MATERIAL TO PROCESS »
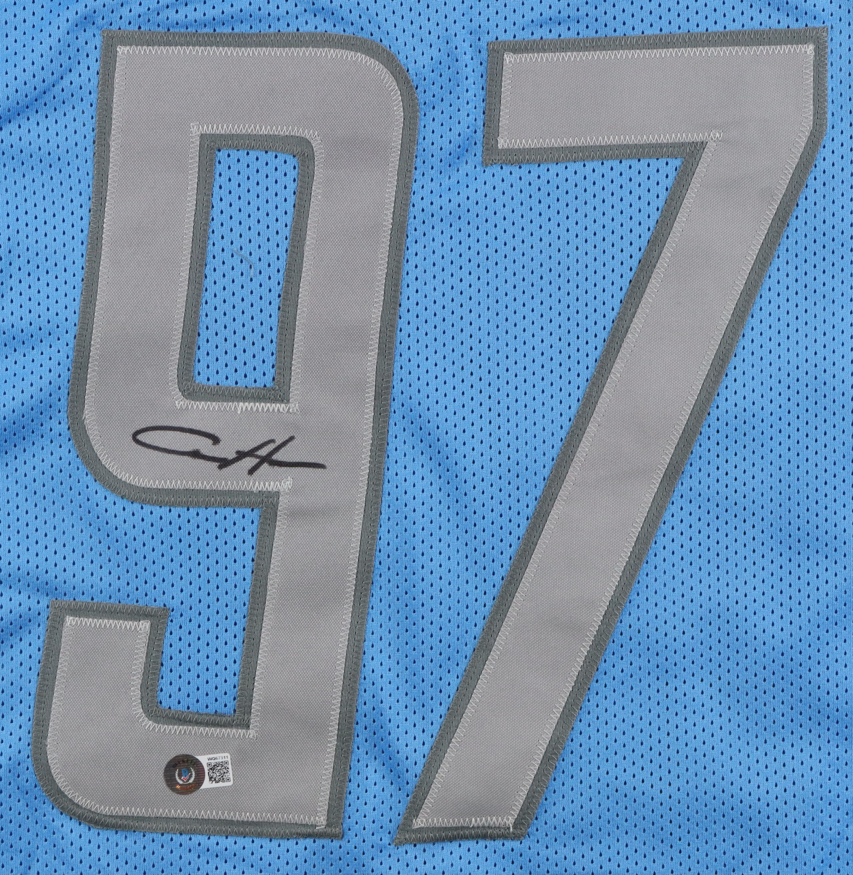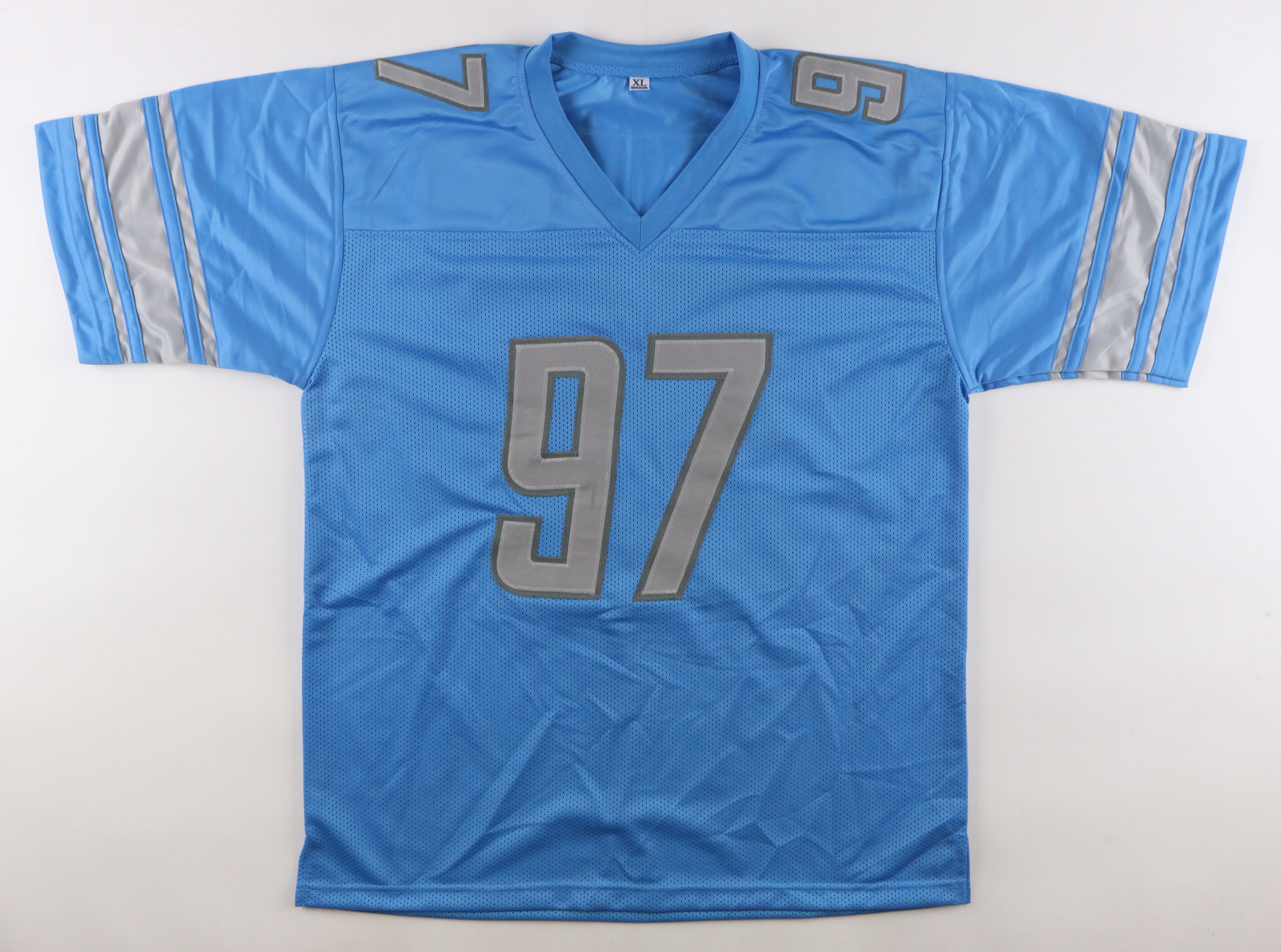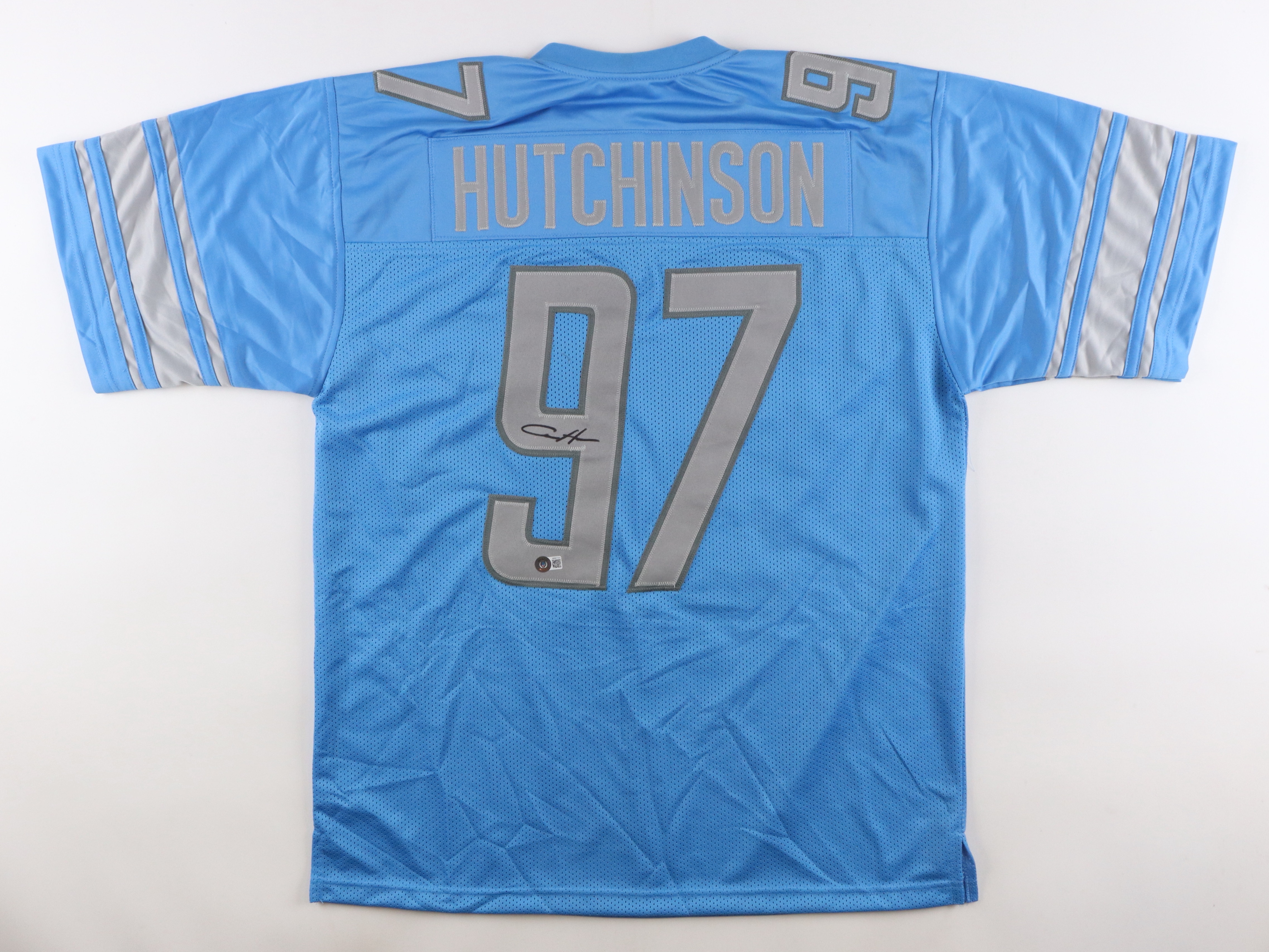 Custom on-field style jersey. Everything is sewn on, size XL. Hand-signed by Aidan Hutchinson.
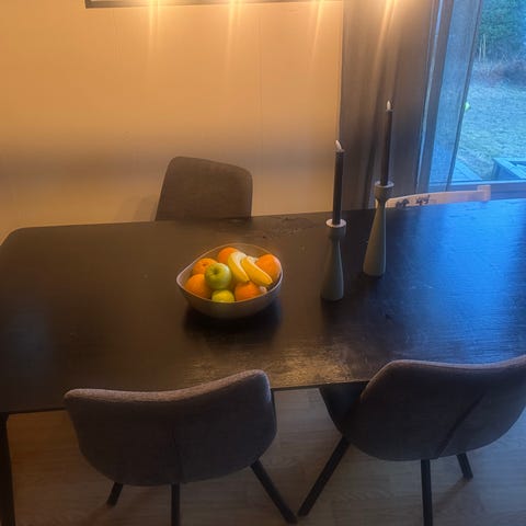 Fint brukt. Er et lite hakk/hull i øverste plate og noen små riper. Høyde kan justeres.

* * *

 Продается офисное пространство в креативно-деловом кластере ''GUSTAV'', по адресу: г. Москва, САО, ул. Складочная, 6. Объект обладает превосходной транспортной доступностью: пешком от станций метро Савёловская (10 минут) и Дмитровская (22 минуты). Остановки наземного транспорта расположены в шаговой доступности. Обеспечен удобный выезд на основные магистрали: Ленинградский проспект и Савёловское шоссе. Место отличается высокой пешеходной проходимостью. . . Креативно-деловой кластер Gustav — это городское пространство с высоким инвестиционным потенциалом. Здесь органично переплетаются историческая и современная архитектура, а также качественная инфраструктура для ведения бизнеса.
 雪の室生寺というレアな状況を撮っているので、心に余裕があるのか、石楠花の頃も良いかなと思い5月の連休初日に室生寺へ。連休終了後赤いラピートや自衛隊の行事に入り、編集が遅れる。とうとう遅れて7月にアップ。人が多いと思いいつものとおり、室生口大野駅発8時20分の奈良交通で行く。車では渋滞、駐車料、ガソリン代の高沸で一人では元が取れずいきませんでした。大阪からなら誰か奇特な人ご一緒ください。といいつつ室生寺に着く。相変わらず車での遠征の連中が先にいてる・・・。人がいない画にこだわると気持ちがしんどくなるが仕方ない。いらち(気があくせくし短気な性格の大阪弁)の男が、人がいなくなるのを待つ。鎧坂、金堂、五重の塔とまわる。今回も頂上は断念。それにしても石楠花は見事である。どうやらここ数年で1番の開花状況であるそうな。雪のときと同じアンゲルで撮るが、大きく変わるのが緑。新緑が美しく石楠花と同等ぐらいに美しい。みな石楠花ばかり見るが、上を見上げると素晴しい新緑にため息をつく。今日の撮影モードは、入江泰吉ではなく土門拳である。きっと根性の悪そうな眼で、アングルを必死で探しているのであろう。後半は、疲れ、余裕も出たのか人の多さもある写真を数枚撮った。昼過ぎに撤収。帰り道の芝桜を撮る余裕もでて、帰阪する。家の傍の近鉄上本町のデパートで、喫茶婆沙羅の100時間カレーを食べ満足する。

--

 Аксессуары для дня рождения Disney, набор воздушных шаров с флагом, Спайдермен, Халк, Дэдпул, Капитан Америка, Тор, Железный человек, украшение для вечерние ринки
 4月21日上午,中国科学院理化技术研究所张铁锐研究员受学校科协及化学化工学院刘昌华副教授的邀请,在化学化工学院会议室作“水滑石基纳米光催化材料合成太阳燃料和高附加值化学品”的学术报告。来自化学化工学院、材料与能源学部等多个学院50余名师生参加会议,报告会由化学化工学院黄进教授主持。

PROBLEM DESCRIPTION »
Set down precisely the lines above between the line holding "Аксессуары для дня" and the line holding "4月21日上午,中国科学院理", inclusive, and nothing beyond them.

ANSWER SPACE »
 Аксессуары для дня рождения Disney, набор воздушных шаров с флагом, Спайдермен, Халк, Дэдпул, Капитан Америка, Тор, Железный человек, украшение для вечерние ринки
 4月21日上午,中国科学院理化技术研究所张铁锐研究员受学校科协及化学化工学院刘昌华副教授的邀请,在化学化工学院会议室作“水滑石基纳米光催化材料合成太阳燃料和高附加值化学品”的学术报告。来自化学化工学院、材料与能源学部等多个学院50余名师生参加会议,报告会由化学化工学院黄进教授主持。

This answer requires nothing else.